**Aim of the task:**
Retype all of the listing exactly, passing over any picture you find.

**Source data:**

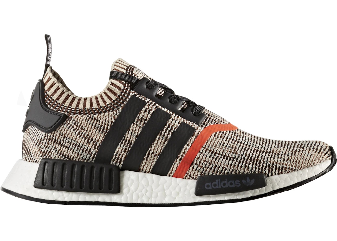 The adidas NMD R1 AI Camo Black Orange is a very limited-edition member of the NMD R1 family, with only 900 pairs having ever been released to the public. This shoe features a PrimeKnit upper that delivers lightweight and comfortable breathability. The adidas brand's trademark Boost technology is employed to offer responsive cushioning and a high energy return to each step. Distinctive EVA plugs on the midsole add stability and a futuristic look, while a rubber outsole provides durable traction. A pull tab on the heel allows for easy on/off wear, and a standard lacing system provides a secure fit. What our experts love most about the adidas NMD R1 AI Camo Black Orange is the unique colorway, which employs a Talc-colored Camo background overlayed with the brands distinctive 3-Stripes in black. This shoe originally retailed with a price tag of $170 on October 20, 2017. - Style CQ1862 - Colorway Talc/Black/Black - Retail Price 170 - Release Date 2017-10-20 - Featured false - Product Line adidas NMD
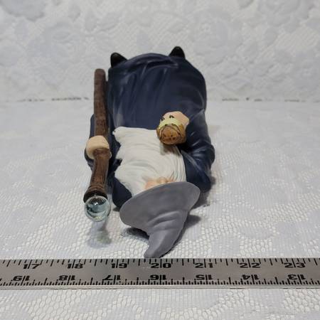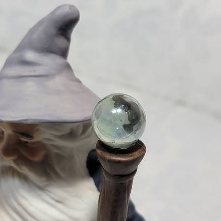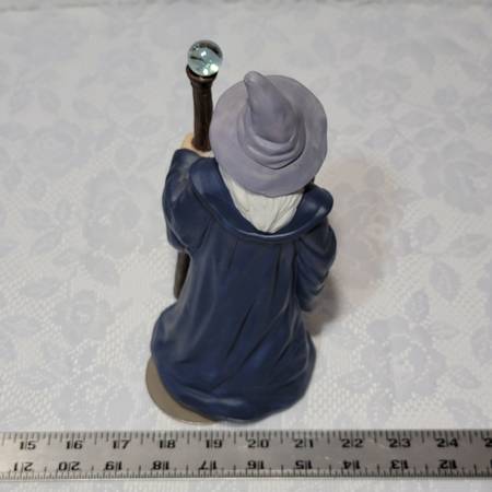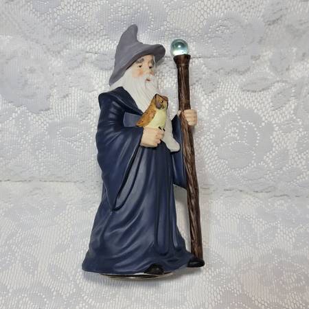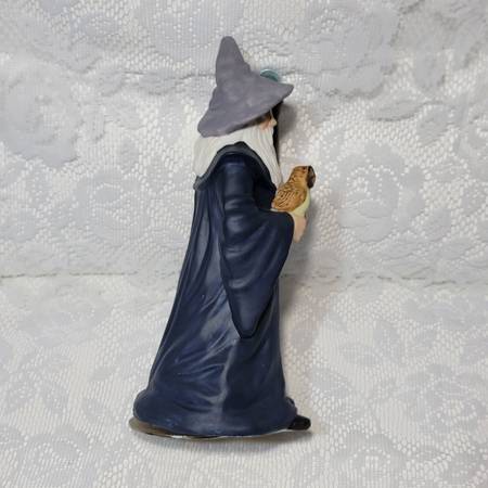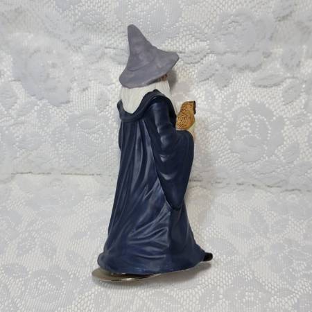 Charming wizard figurine holding an owl and staff. Features a blue robe, gray hat and brown staff with clear glass ball. Bottom of the figurine has markings read as © Mann 1985 Measures ~ 8.5” H x...
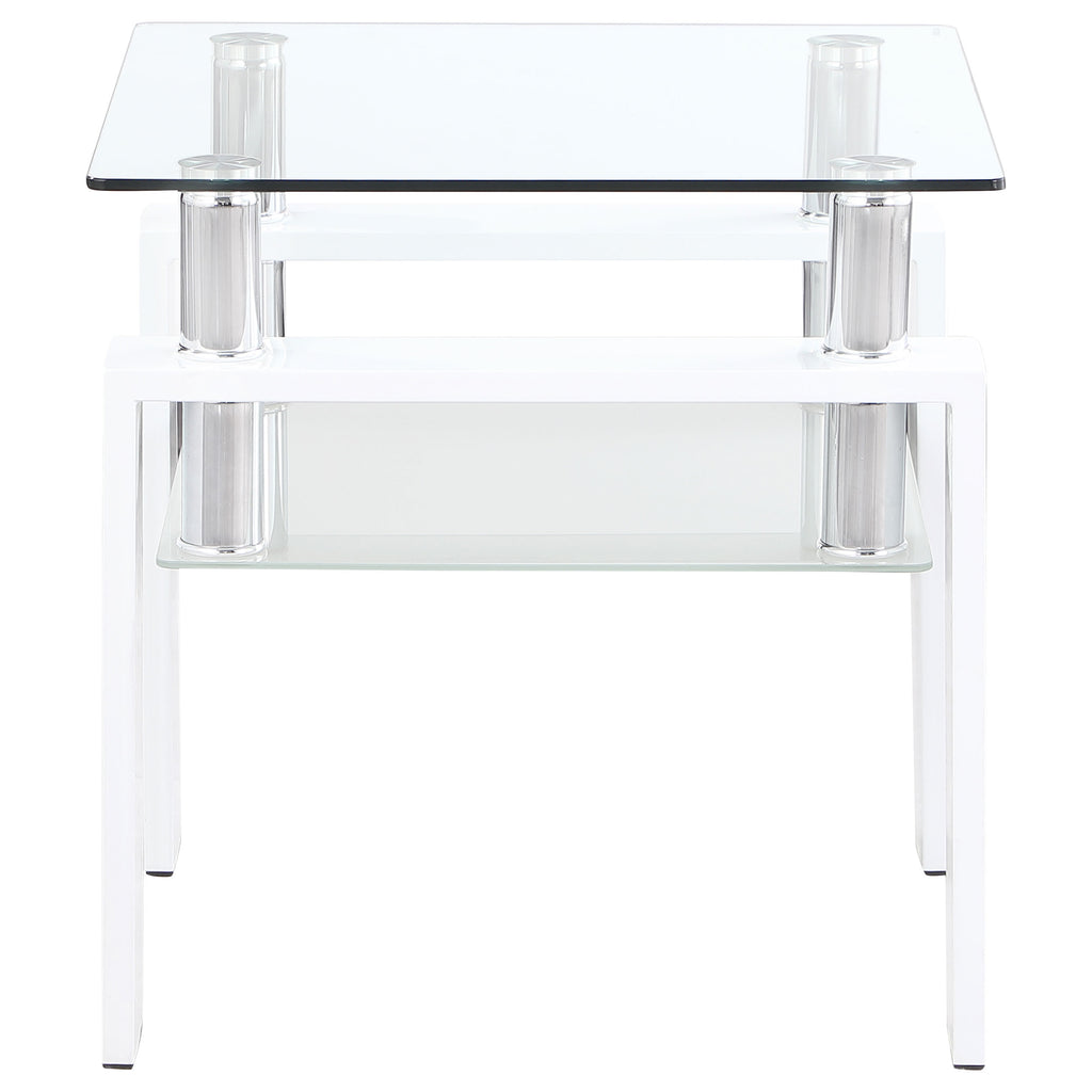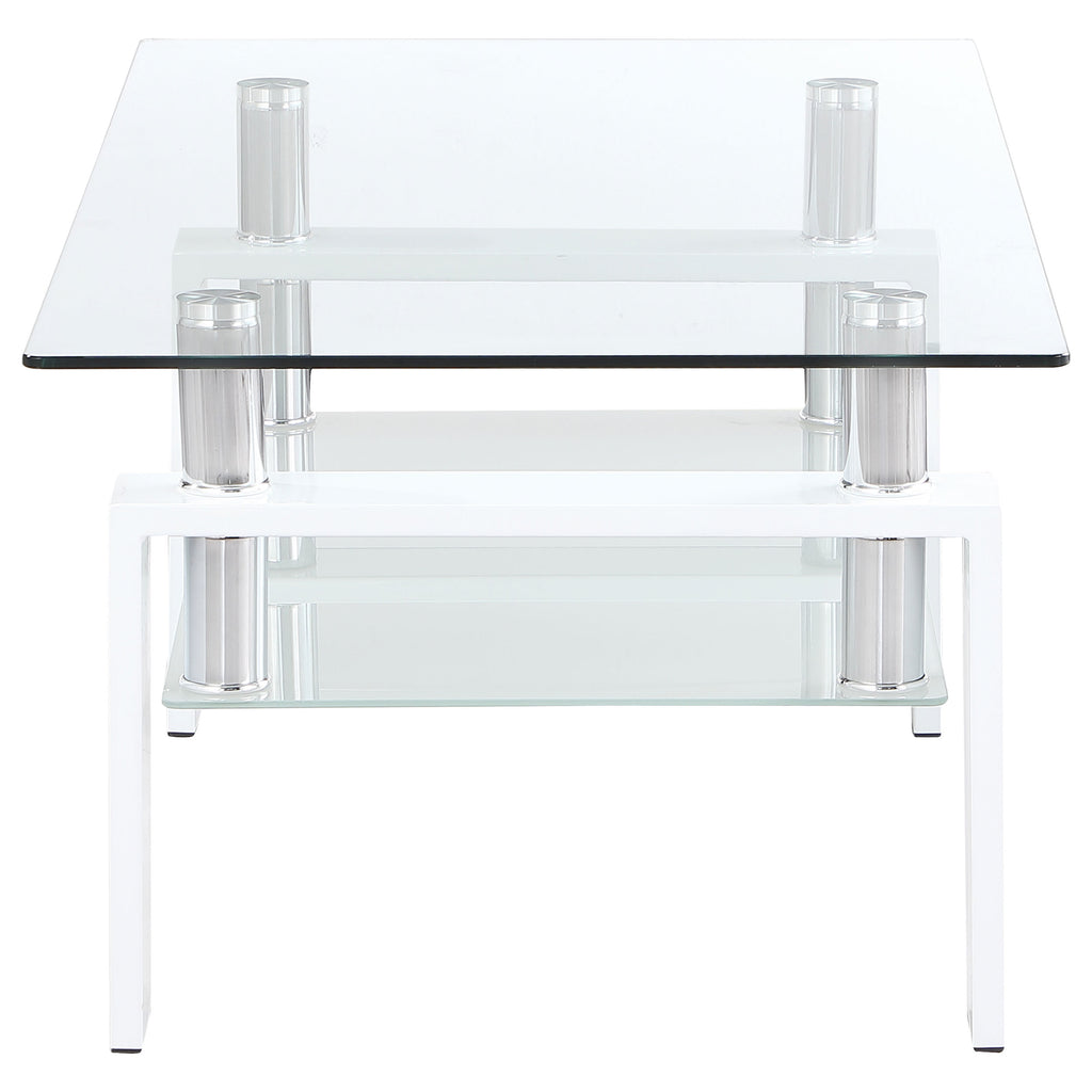 This modern coffee table set combines a rectangular coffee table and square end table, each featuring a clear tempered glass top and a frosted tempered glass shelf for extra storage or display. Supported by durable metal frames, the tables are finished in a durable powder coating, adding a bold or sleek look to your living space. This set provides versatile functionality with its open and airy design, perfect for contemporary interiors.

**Written answer:**
 The adidas NMD R1 AI Camo Black Orange is a very limited-edition member of the NMD R1 family, with only 900 pairs having ever been released to the public. This shoe features a PrimeKnit upper that delivers lightweight and comfortable breathability. The adidas brand's trademark Boost technology is employed to offer responsive cushioning and a high energy return to each step. Distinctive EVA plugs on the midsole add stability and a futuristic look, while a rubber outsole provides durable traction. A pull tab on the heel allows for easy on/off wear, and a standard lacing system provides a secure fit. What our experts love most about the adidas NMD R1 AI Camo Black Orange is the unique colorway, which employs a Talc-colored Camo background overlayed with the brands distinctive 3-Stripes in black. This shoe originally retailed with a price tag of $170 on October 20, 2017. - Style CQ1862 - Colorway Talc/Black/Black - Retail Price 170 - Release Date 2017-10-20 - Featured false - Product Line adidas NMD
 Charming wizard figurine holding an owl and staff. Features a blue robe, gray hat and brown staff with clear glass ball. Bottom of the figurine has markings read as © Mann 1985 Measures ~ 8.5” H x...
 This modern coffee table set combines a rectangular coffee table and square end table, each featuring a clear tempered glass top and a frosted tempered glass shelf for extra storage or display. Supported by durable metal frames, the tables are finished in a durable powder coating, adding a bold or sleek look to your living space. This set provides versatile functionality with its open and airy design, perfect for contemporary interiors.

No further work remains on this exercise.